LOL Don't have any photos of the process but did go up into the attic and take this shot after I posted,










The process of making this is simple enough. I can't take full credit for this idea. We had a forum member a few years back that needed real large chains for a monster he'd made. What he did was use the sand to mold each huge link. I just modified the idea a bit and formed each link by hand to end up with a smaller chain.

These chains also look great draped around the house like garland. Cool Halloween party decorations.


----------



## putrid (Aug 18, 2002)

For those of you who don't have sand this might help. I know of a few folks that have done spray foam projects on plastic bags and not had problems with sticking. You could spray the initial circle of foam on the plastic and start form there. Do your best to keep each start the same size. 

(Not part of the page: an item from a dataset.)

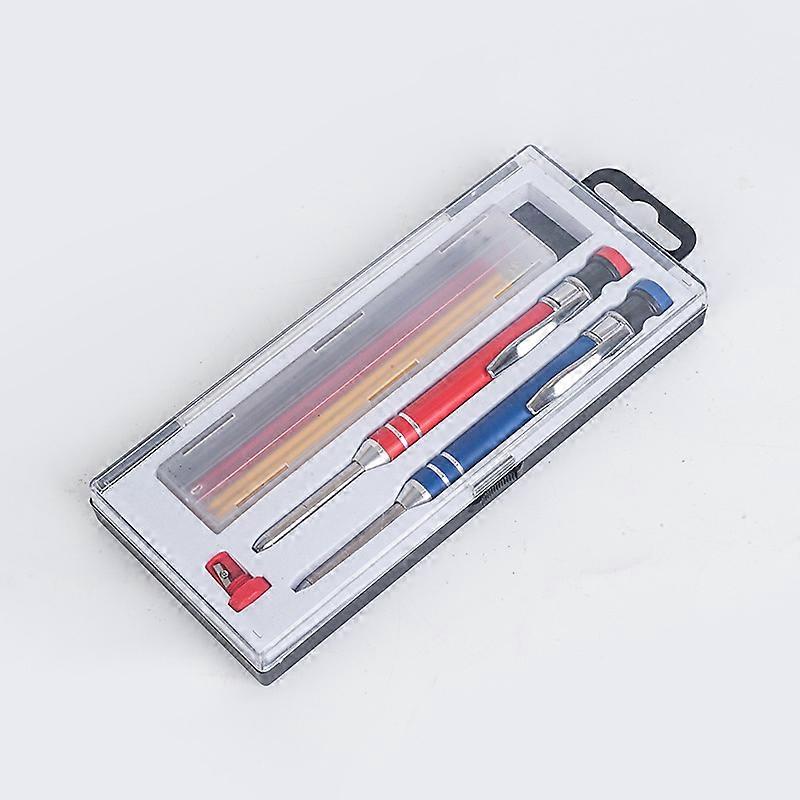 2.8mm Press Type Woodworking Pencil Set Metal Deep Hole Engineering Set with 2pcs Mechanical Pencils and 12pcs 3-color Refills
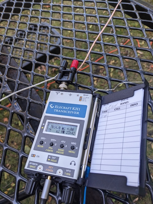 I got the idea from Thomas Witherspoon, K4SWL. He used the same setup in his article, Elecraft KH1 + Speaker Wire = Pileup Madness on Bakers Mountain!.

To help you not make the same mistakes I've made. Don't try just spraying a single glob to start with. When you break it open to form your link it'll be way to sticky to work with. Because this stuff keeps expanding till it hardens if you try to spray the links the size you need they will be to thick to work with.


----------



## Lynn (Aug 23, 2005)

Great idea. I need a LOT of chain this year and I was wondering where I was going to come up with it. !!! Thanks Putrid !!!


----------



## Pennywise (Oct 21, 2004)

I like this idea! It beats my paper mache method lol.


----------



## TNBrad (Sep 12, 2007)

Very cool thanks for sharing


----------



## Mandathewitch (May 19, 2009)

I absolutely LOVE this forum. Whenever I'm looking for something, there it is! This is exactly what I was looking for a solution for, and of course someone has a complete tutorial about it already posted! Thanks again!!


----------



## davy2 (Sep 10, 2008)

Nice! So many creative idears on here! I just bought a ready-made chain and I could have made my own like this!


----------



## Mandathewitch (May 19, 2009)

We attempted this in the sand at the park today. We ran into the Problem of getting them to all be the right shape and size. The stuff in the can sprays out WAY too fast (no matter how careful you are). When we finally DID get them to all be semi shaped the same, it became apparent that some of them were WAY too thin, and some were WAY too thick..... even though they all were originally pretty similar. We ended up scraping the project when it became apparent that this wasn't going to solve our problems, and went back to square 1... Plastic Chain from Home Depot, spray painted to look old and rusted.


----------



## yardhauntjunkie (Feb 26, 2009)

Mandathewitch said:


> We attempted this in the sand at the park today. We ran into the Problem of getting them to all be the right shape and size. The stuff in the can sprays out WAY too fast (no matter how careful you are). When we finally DID get them to all be semi shaped the same, it became apparent that some of them were WAY too thin, and some were WAY too thick..... even though they all were originally pretty similar. We ended up scraping the project when it became apparent that this wasn't going to solve our problems, and went back to square 1... Plastic Chain from Home Depot, spray painted to look old and rusted.


OH MY GOSH!!! I would have loved to see the looks on peoples faces who saw you in the sand at the park spraying foam!!! That is just too funny. Bummer it didn't work.


----------



## rebelxwing (Oct 7, 2008)

A little too complicated for me, but the end result looks pretty good for night time haunts!


----------